WORKING DATA Start Marker

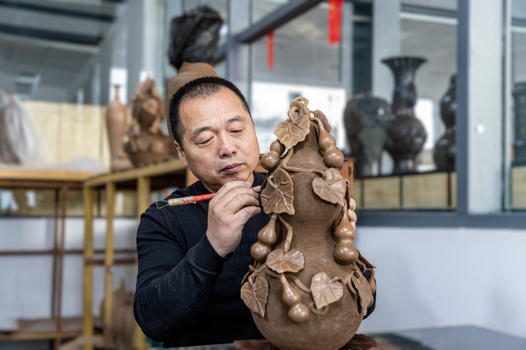 黑陶是華夏先民的黑色詩篇,作為土生土長的濟陽人,三十余載光陰里,徐慶增潛心研究黑陶,續(xù)寫這光輝的詩篇。如今,他的作品早已超越實用范疇,成為兼具藝術(shù)價值與文化厚度的非遺名片?!洱堯v盛世》以華夏龍為魂,將泥與火的淬煉推向極致。《福壽葫蘆》造型圓潤飽滿,釉色沉郁如墨玉,無需多言,一抹玄色間,福氣已悄然落定。《鼓子秧歌》則將田間地頭的歡騰瞬間凝固于陶面,讓人仿佛聽見咚咚的鼓點,看見祖輩們在黃河邊舞出的煙火人間。這些凝聚著心血的創(chuàng)作,不僅是他個人的藝術(shù)成就,更成為高校非遺教學(xué)中鮮活的教材。
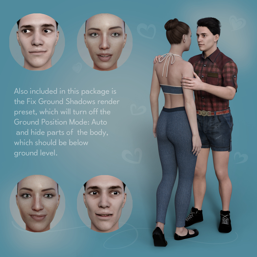 This product also contains a Shadow Ground Fix render preset with turns off Ground Position Mode: Auto and hides parts of the body, which are supposed to be below the ground in the final render.
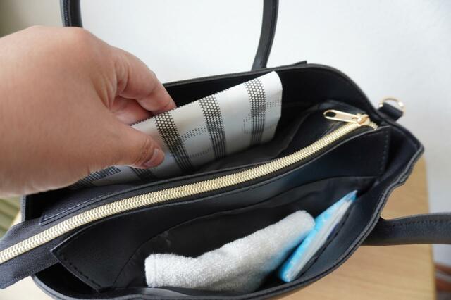 ハンカチやティッシュなど、すぐに取り出したいものを入れておくのにちょうどよさそうなポケットですね。
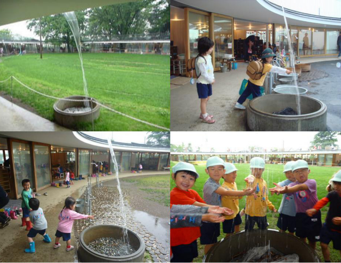 一般的水池都置于墙边或洗手间附近,而藤幼儿园特意将水池置于教室中间,增加孩子们对话和交流的机会;再比如广场外的水龙头下面没有水槽,水会直接溅到地上,小孩子就可以玩水,而且故意使用老式的水龙头,孩子需要使劲拧才能关上;同样不便利的设计还有很多,如故意有一些起伏和坑洼的草坪、漏风的推拉门、需要用绳子控制开关的灯等,让各种设备变成一个个玩具。
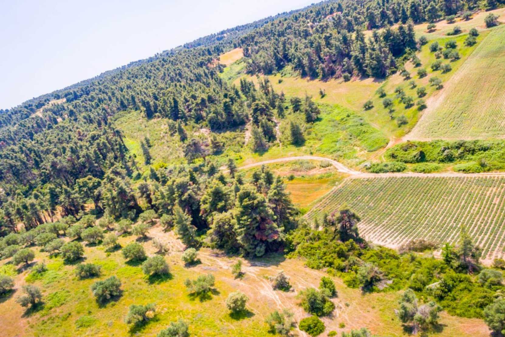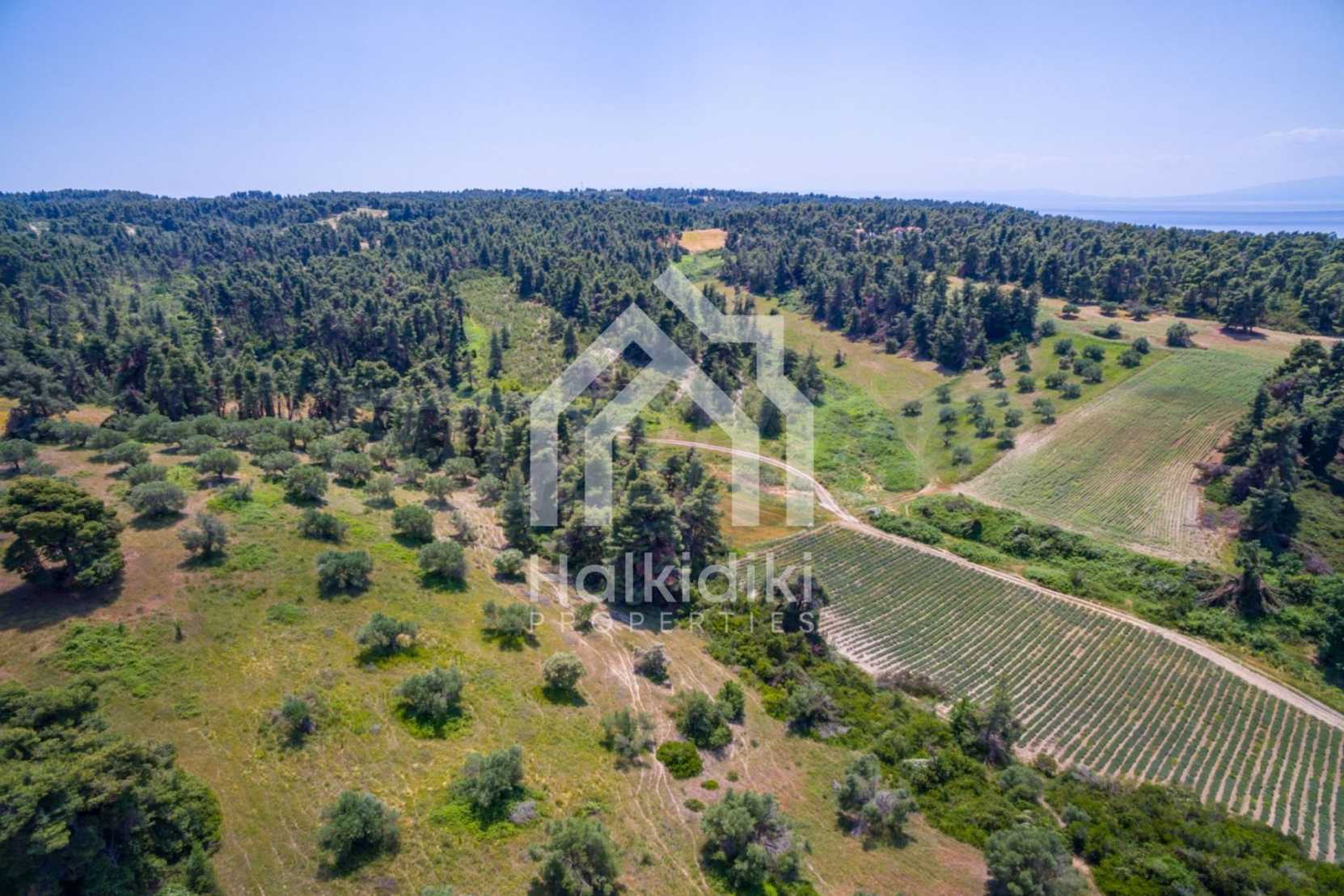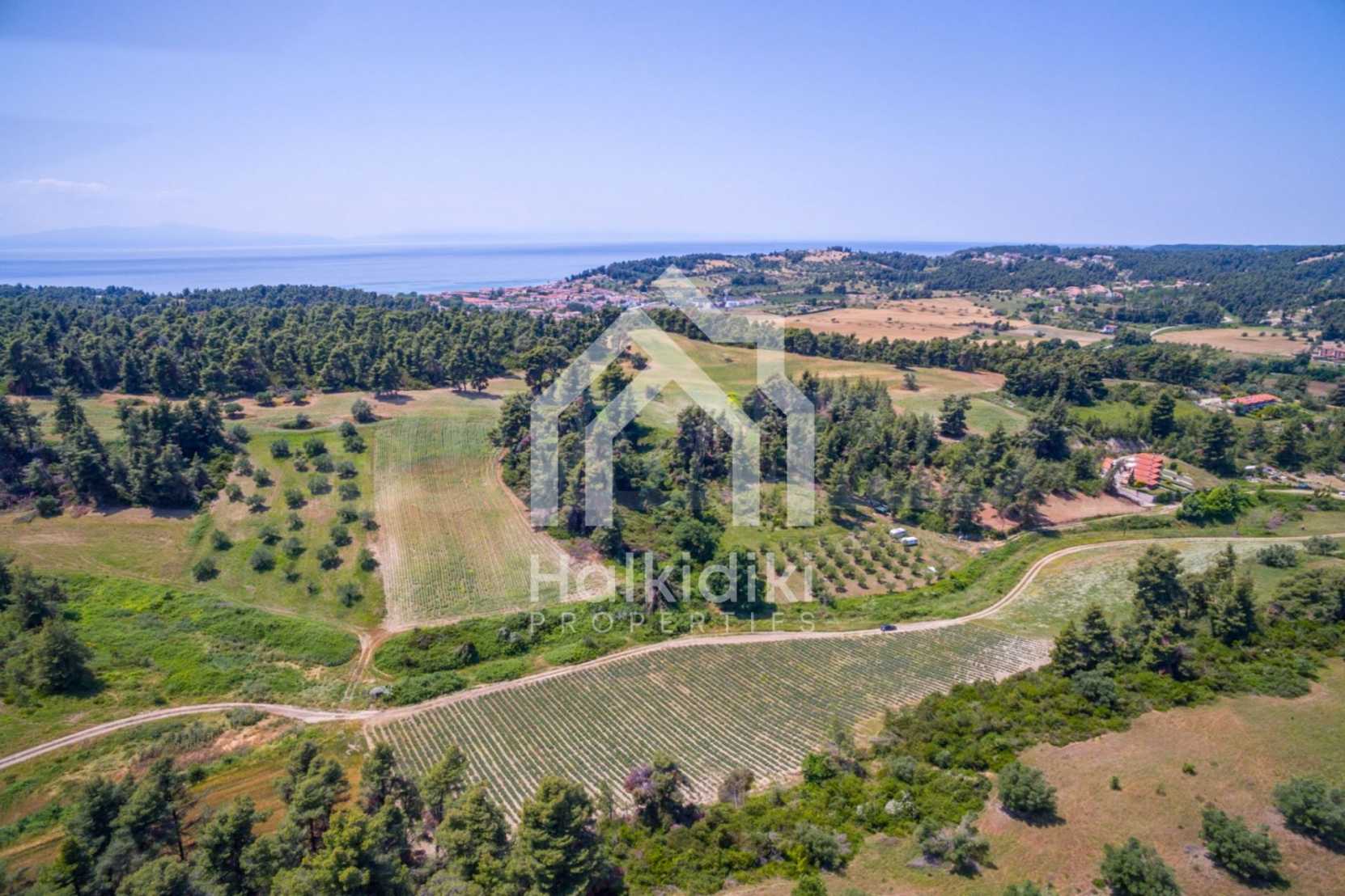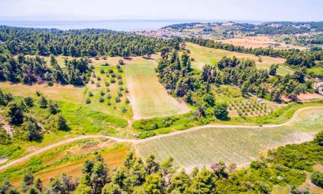 Амфитеатрално поле, 18.780 кв.м, в Касандра, Халкидики с безпрепятствен постоянен изглед и с източна ориентация. Имотът е на 2 км. от красив плаж и от центъра на селото. Полето, което е пълно и застрояващо (може да се изгради 800 кв.м), е разделено на четири еквивалента.
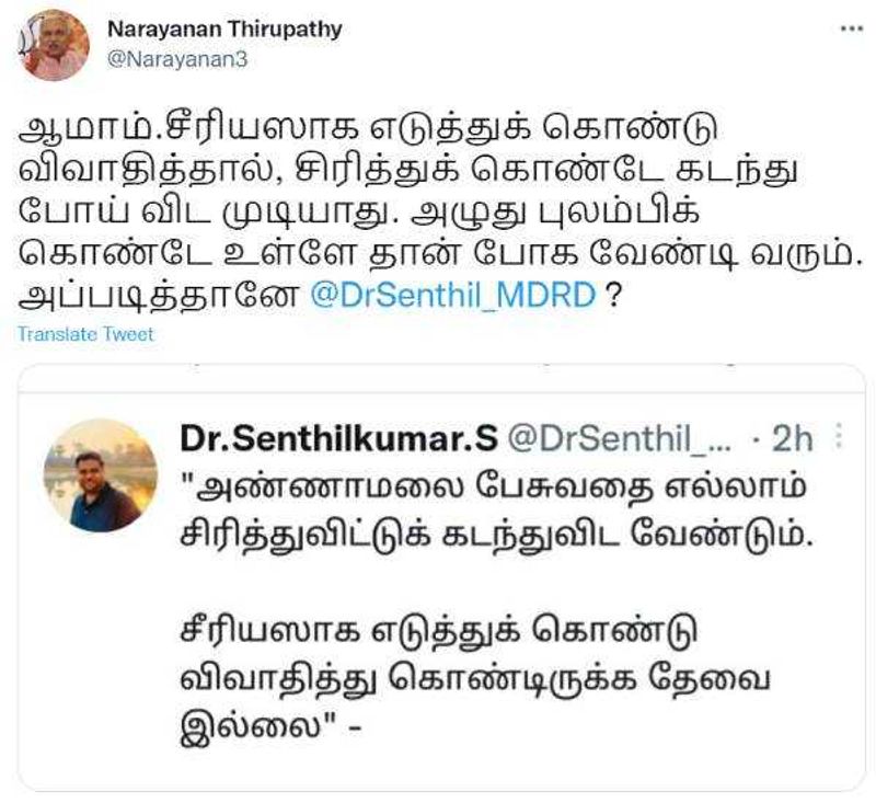 மேலூர் அண்ணாமலை பேசுவதை எல்லாம் சிரித்துவிட்டு கடந்துவிட வேண்டும், சீரியஸாக எடுத்துக் கொண்டு விவாதித்துக் கொண்டிருக்க தேவையில்லை என தனது ட்விட்டர் பக்கத்தில் பதிவிட்டு இருந்தார், இதற்கு பதிலடி கொடுத்து பாஜக மாநிலத் துணைத் தலைவர் நாராயணன் திருப்பதி சீரியசாக எடுத்துக்கொண்டு விவாதித்தால் சிரித்துக்கொண்டே கடந்து போய்விட முடியாது, அழுது புலம்பிக் கொண்டே உள்ளே தான் போக வேண்டி வரும் எனக் கூறியிருந்தார்.

WORKING DATA End Marker

● **EXERCISE DIRECTIONS**: Word for word, give back each entry from above, but skip any picture.

● **OUTPUT OF THE EXERCISE**:
 黑陶是華夏先民的黑色詩篇,作為土生土長的濟陽人,三十余載光陰里,徐慶增潛心研究黑陶,續(xù)寫這光輝的詩篇。如今,他的作品早已超越實用范疇,成為兼具藝術(shù)價值與文化厚度的非遺名片?!洱堯v盛世》以華夏龍為魂,將泥與火的淬煉推向極致。《福壽葫蘆》造型圓潤飽滿,釉色沉郁如墨玉,無需多言,一抹玄色間,福氣已悄然落定。《鼓子秧歌》則將田間地頭的歡騰瞬間凝固于陶面,讓人仿佛聽見咚咚的鼓點,看見祖輩們在黃河邊舞出的煙火人間。這些凝聚著心血的創(chuàng)作,不僅是他個人的藝術(shù)成就,更成為高校非遺教學(xué)中鮮活的教材。
 This product also contains a Shadow Ground Fix render preset with turns off Ground Position Mode: Auto and hides parts of the body, which are supposed to be below the ground in the final render.
 ハンカチやティッシュなど、すぐに取り出したいものを入れておくのにちょうどよさそうなポケットですね。
 一般的水池都置于墙边或洗手间附近,而藤幼儿园特意将水池置于教室中间,增加孩子们对话和交流的机会;再比如广场外的水龙头下面没有水槽,水会直接溅到地上,小孩子就可以玩水,而且故意使用老式的水龙头,孩子需要使劲拧才能关上;同样不便利的设计还有很多,如故意有一些起伏和坑洼的草坪、漏风的推拉门、需要用绳子控制开关的灯等,让各种设备变成一个个玩具。
 Амфитеатрално поле, 18.780 кв.м, в Касандра, Халкидики с безпрепятствен постоянен изглед и с източна ориентация. Имотът е на 2 км. от красив плаж и от центъра на селото. Полето, което е пълно и застрояващо (може да се изгради 800 кв.м), е разделено на четири еквивалента.
 மேலூர் அண்ணாமலை பேசுவதை எல்லாம் சிரித்துவிட்டு கடந்துவிட வேண்டும், சீரியஸாக எடுத்துக் கொண்டு விவாதித்துக் கொண்டிருக்க தேவையில்லை என தனது ட்விட்டர் பக்கத்தில் பதிவிட்டு இருந்தார், இதற்கு பதிலடி கொடுத்து பாஜக மாநிலத் துணைத் தலைவர் நாராயணன் திருப்பதி சீரியசாக எடுத்துக்கொண்டு விவாதித்தால் சிரித்துக்கொண்டே கடந்து போய்விட முடியாது, அழுது புலம்பிக் கொண்டே உள்ளே தான் போக வேண்டி வரும் எனக் கூறியிருந்தார்.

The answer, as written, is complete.